In src/main.py call generate_watershed().
This function generates all of the watershed masks for a given subset of images.

Parameters:
string csv_dir: The directory that contains the target csv file. This has to include the full path to the directory.
string csv_file
: The name of the csv file contained in csv_dir with the target images.
bool file_on_prem: If true will pull source images from local disk. If false will pull images from AWS.
__string save_local__: Default is none, which will not save the images but instead will show temporary matplot images. If given a string, it should be the directory where the images will be saved to.


VERIFYING WATERSHED

To produce plots of foci counts and estimated Poisson distributions, run the main() function of src/poisson_distributions.py. In order to run this main, the following steps must be completed:

Use prepare_subset_data() to create CSV files for each subset. Parameters:
string meta_csv_path: The path to the meta csv file containing the entire dataset.
string subset_csv_dir: The path to the directory where the user wants to save the subset csv files.

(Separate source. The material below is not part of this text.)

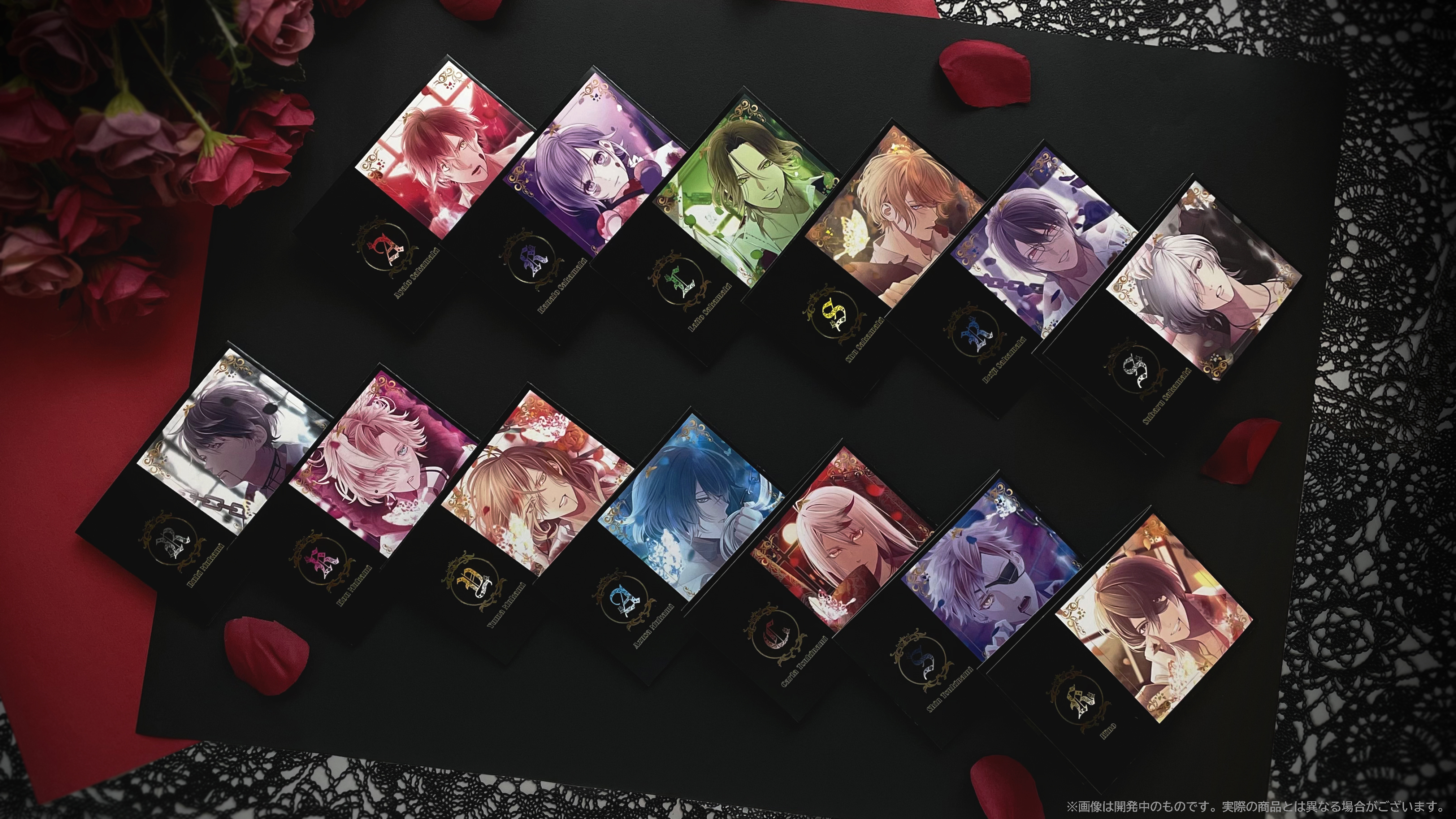 「DIABOLIK LOVERS」10周年を記念して描き下ろされた「FARFALLA LUCIO(ファルファラ ルシオ)」のイラストを使用したノベルティは3種類。いずれも、「VAMPIRE CAFE」のコース&ドリンクをオーダーした場合のみ入手できる、今回のコラボレーションだけの特典です。10周年の思い出の品として、ぜひとも貴女のお手元に…。

Use pickle_masks() on each subset CSV to create an array of masks for each image in the CSV and save that array as a pickle file locally. Parameters:
string local_csv_path: The path to the subset csv file.
string local_data_dir: The path to the directory where raw images are stored.
string local_masks_path: The path to where the user wants the mask pickle to be saved.
Watershed watershed: The path to the directory where the user wants to save the subset csv files.
torchvision.transform transform: Transformation to apply to images before masking. Default None.

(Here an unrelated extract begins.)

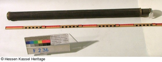 Das Fernrohr ist nicht mehr vollständig. F 234 und F 236 lassen sich nicht durch die Gewindeflansche miteinander verbinden. Da im Inventar von 1888 einerseits mehrere Nummern zusammengefasst wurden, andererseits zwischen den beiden genannten Stücken heute die Nummer F 235 fehlt, könnte ursprünglich noch ein dritter Tubus existiert haben. Dafür spricht auch die große Brennweite der Objektivlinse. Richtet man die beiden vorhandenen Fernrohrteile so aus, dass die Linsenkonfiguratuion korrekt funktioniert, ist der Abstand zwischen den beiden Flanschen 560 Millimeter, was recht gut dem damaligen Maß von zwei Kasseler Fuß entspricht. Möglicherweise war das Fernrohr für eine Expedition vorgesehen. Dafür sprechen die kompakten Transportmaße und die vergleichsweise robuste Ausführung der Messingteile.

In the poisson_distributions.py main(), change the directory passed to visualize_subset() to the local mask directory (whatever was passed as subset_csv_dir to prepare_subset_data()).


TRAINING THE AUTOENCODER

In src/main.py or src/models/unsupervised/autoencoder_v1.py call train_autoencoder().
This function trains the unsupervised autoencoder model.

Parameters:
string csv_dir: The directory that contains the target csv file. This has to include the full path to the directory.
string train_file
: The name of the csv file contained in csv_dir with the images to train the model with
string val_file__: The name of the csv file contained in csv_dir with the images to validate the model with
int num_workers__: Specifies how many workers will be used for the dataloaders

NOTE: All files to be used for training/validation must be stored locally in csv_dir


USING THE AUTOENCODER

In src/main.py call generate_autoencoder_output().
This function loads a pretrained autoencoder model, and generates its output images for a given subset.

Parameters:
model_weights: Specifies the path to the trained model weights.
string csv_dir
: The directory that contains the target csv file. This has to include the full path to the directory.
string csv_file__: The name of the csv file contained in csv_dir with the target images.
string save_local__: Default is none, which will not save the images but instead will show temporary matplot images. If given a string, it should be the directory where the images will be saved to.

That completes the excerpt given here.